## [Task goal]
With pictures excluded, give again exactly the lines running from the one holding "進口高分子結構,可以吸收約自身重量30倍的水分,保持屁屁持久干爽" through the end of the listing below.

## [Exercise data]
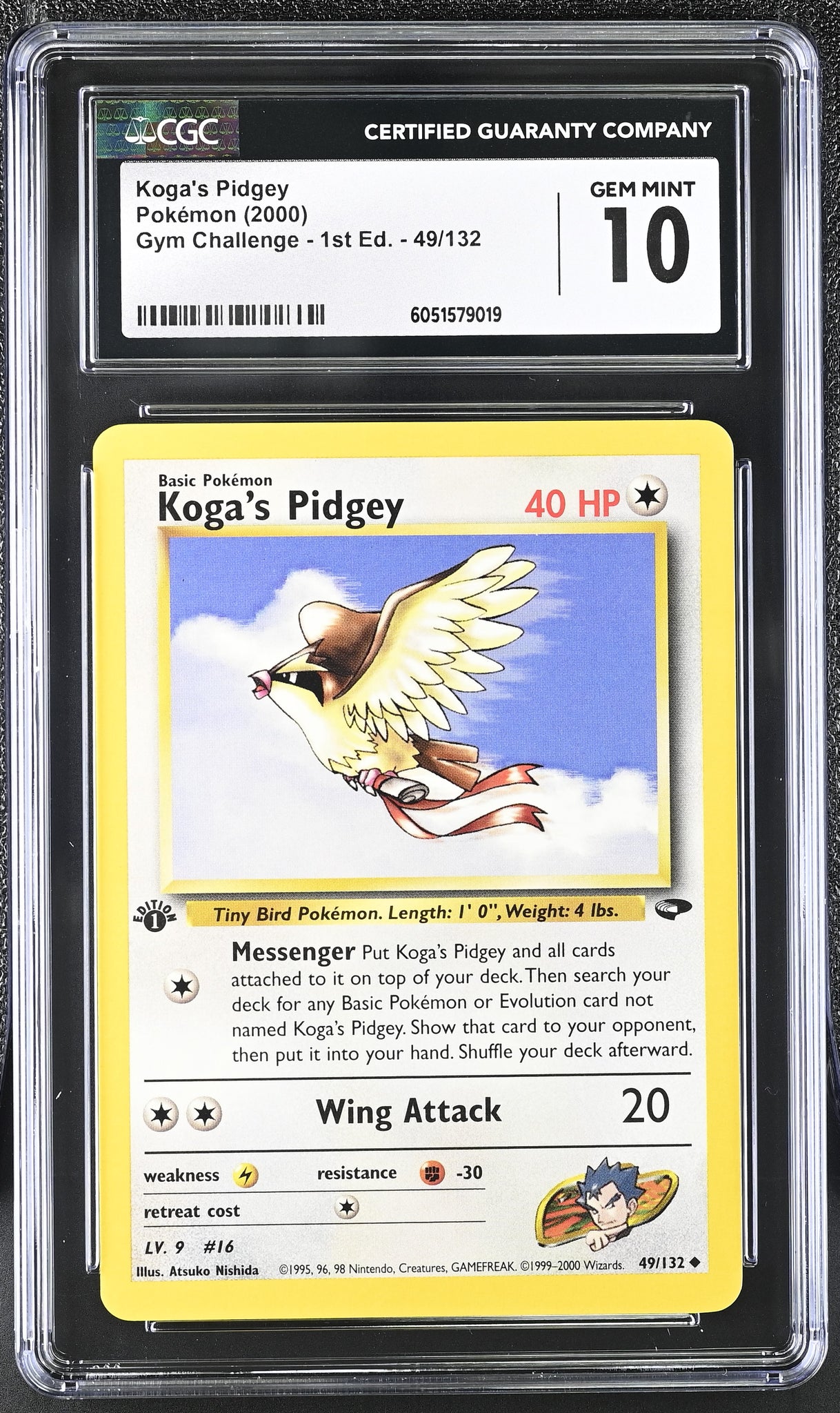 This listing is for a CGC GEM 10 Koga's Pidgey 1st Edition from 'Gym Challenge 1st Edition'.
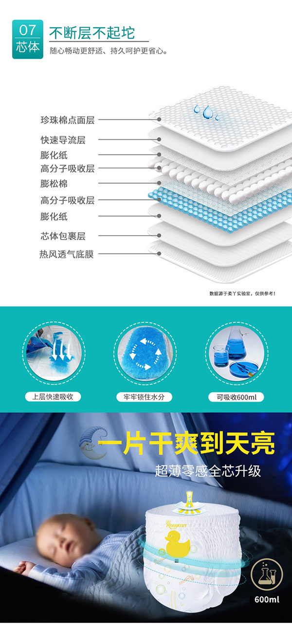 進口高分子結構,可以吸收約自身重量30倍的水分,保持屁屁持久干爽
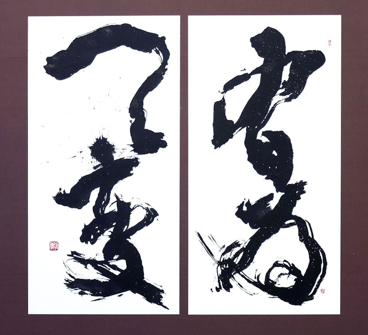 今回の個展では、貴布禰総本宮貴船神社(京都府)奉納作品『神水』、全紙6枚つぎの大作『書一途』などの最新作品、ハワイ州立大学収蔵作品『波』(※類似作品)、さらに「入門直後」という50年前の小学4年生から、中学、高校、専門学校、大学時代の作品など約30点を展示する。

## [Result of the task]
 進口高分子結構,可以吸收約自身重量30倍的水分,保持屁屁持久干爽
 今回の個展では、貴布禰総本宮貴船神社(京都府)奉納作品『神水』、全紙6枚つぎの大作『書一途』などの最新作品、ハワイ州立大学収蔵作品『波』(※類似作品)、さらに「入門直後」という50年前の小学4年生から、中学、高校、専門学校、大学時代の作品など約30点を展示する。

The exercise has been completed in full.